The argument made here that processes involved in reading are both cyclical and continuous highlights the danger of oversimplifying predictions made by two-stage models prevalent in discourse comprehension studies (e.g., Gerrig & O’Brien, 2005; Glucksberg & McCloskey, 1981; Kintsch, 1988, 1998; Long & Lea, 2005; Rizzella & O’Brien, 2002; Sanford & Garrod, 1989, 1998, 2005). For explanatory purposes, these models tend to separate activation and integration into distinct stages. This can lead to the assumption that the reader moving on in the text signals that integration is complete. However, most of these models also contain the assumption that activation and integration stages are continuous and overlapping. In order to observe consequences of later-occurring activation and integration cycles, it is necessary to incorporate measures that allow for observation of the time course of processing across a larger window. This could include use of spillover regions, such as those used here, or use of eye-tracking technology (see Rayner, Pollatsek, Ashby, & Clifton, 2012). It is also important to incorporate assumptions about how and when integration mechanisms decide when tentative linkages made are sufficient for comprehension to proceed; this may require including an unconscious, but evaluative, component in the integration process (Long & Lea, 2005). The addition of the validation stage in the RI-Val model offers one potential solution.

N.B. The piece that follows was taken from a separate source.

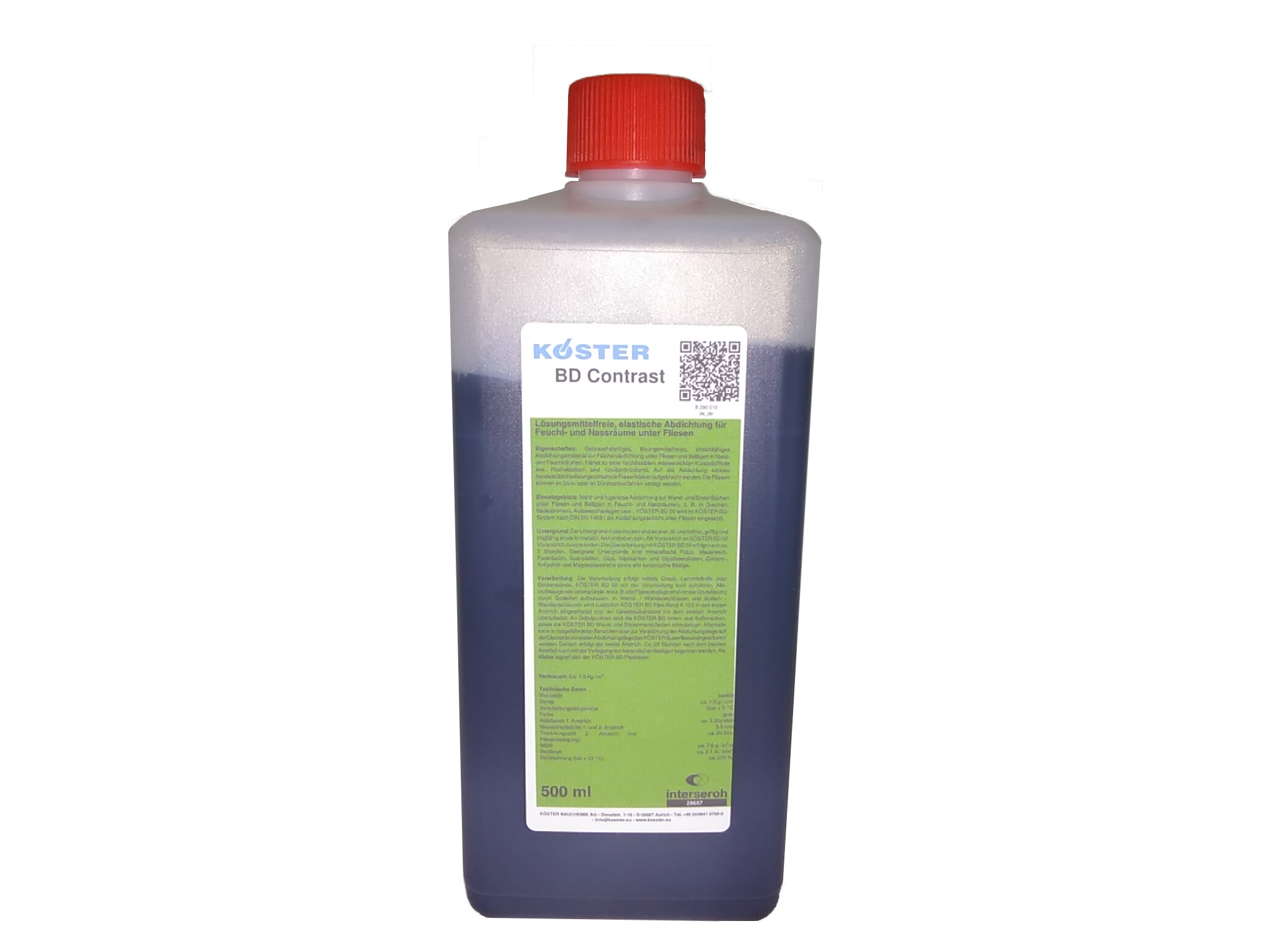 Liquid contrast agent for coloring KÖSTER BD 50 before applying the second layer. Visual inspection will be simplified through color differentiation of the second waterproofing layer.
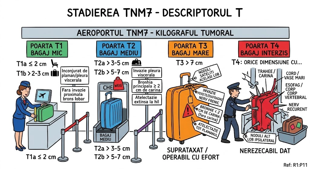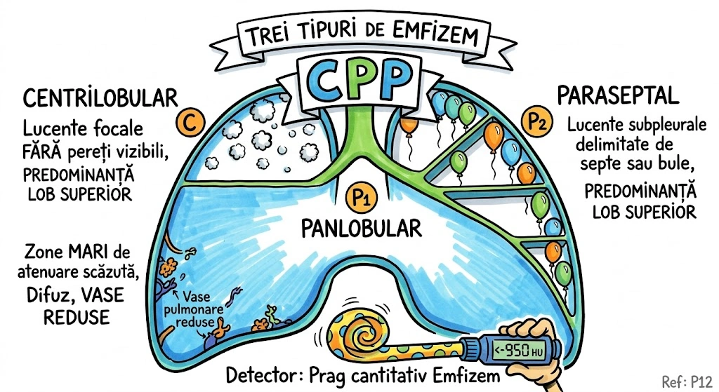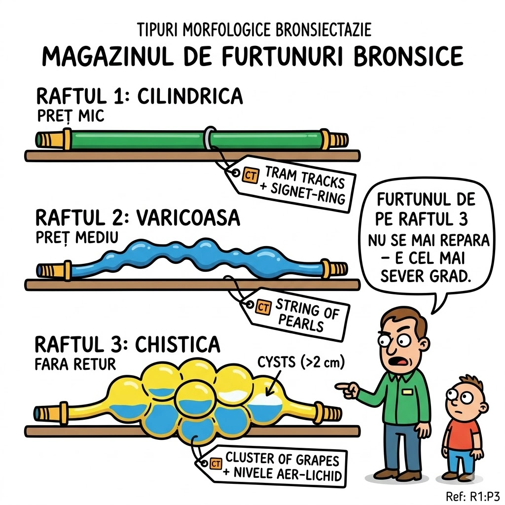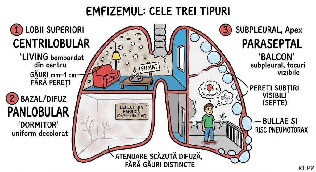 Un bloc de apartamente construit gresit din fabrica, cu cinci tipuri de defecte arhitecturale. Etajul 1 (Tip 1 — 65% din blocuri): apartamente mari, spatioase (chisturi >2 cm), cu geamuri mari (chisturi aerate, vizibile pe CT ca mase multichistice). Locatarii traiesc confortabil — prognostic bun. Etajul 2 (Tip 2 — 20-25%): garsoniere mici si inghesuie (chisturi <2 cm). Locatarii au si alte probleme: rinichi defecti, inima cu defecte — prognostic rezervat. Subsolul (Tip 3 — 10%): spatii microscopice, practic invizibile (<3-5 mm). Pe CT arata ca o masa solida. Prognostic rezervat. Mansarda si terasa (Tipuri 0 si 4): rare, aspecte variabile. Intregul bloc comunica cu sistemul de ventilatie (arborele bronsic) si e alimentat de conducta principala (artera pulmonara). La 70% din blocuri, defectele se vad in prima saptamana de la constructie (nastere). Solutia radicala: demolarea etajului defect (excizie lobara).

The findings reported here also contribute to the ongoing discussion in the literature about the roles of semantic and contextual information in discourse comprehension. For example, Sanford and Garrod (1981, 1989, 2005; see also Garrod & Terras, 2000; Sanford, Garrod, Lucas, & Henderson, 1983) have argued for distinct bonding and resolution processes in discourse comprehension; bonding involves checking incoming information for its semantic fit with automatically reactivated information, whereas resolution involves verifying it against the actual discourse. Others, however, have argued that context has a strong initial influence on discourse interpretation (e.g., Hess, Foss, & Carroll, 1995; Nieuwland & Van Berkum, 2006; Otten & Van Berkum, 2007, 2008; Van Berkum, 2008). The results of the present study demonstrate that early stages of anaphoric processing can be dominated by either semantic or contextual information, depending upon which type of information, and how much, is reactivated first via a passive retrieval mechanism. However, additional information may become activated in subsequent activation cycles and, thus, influence later stages of processing. This is consistent with arguments made by Cook and colleagues (Cook & Guéraud, 2005; Cook & Myers, 2004; Cook & O'Brien, 2014; O’Brien & Cook, in press).

One final point is that although O’Brien and colleagues (O'Brien, 1987; O'Brien et al., 1990, 1995) have repeatedly found that reducing the distance between an anaphor and its antecedent results in reduced time to reactive and reinstate the antecedent, no such effects were observed in Experiment 2 or 3. This may be because O’Brien and colleagues embedded anaphoric phrases in explicit demand sentences (e.g., Mark’s neighbor asked him what he had just finished building) that would force coherence breaks if unresolved. In contrast, O'Brien et al. (1997) found that when a nominal anaphor was conceptually identical to its antecedent, no distance effects were observed. The anaphors used in the present study were much closer in nature to those used in the O'Brien et al. (1997) materials.

In conclusion, the present study extends findings from the shallow processing and anaphor-processing literatures by demonstrating that initial processing of unambiguous but anomalous anaphors appears to be based on their goodness of fit with the contents of active memory. However, this does not represent the end-stage of anaphoric processing; readers then validate those initial linkages against information in memory. These results are consistent with assumptions of the RI-Val view, proposed by Cook and O'Brien (2014).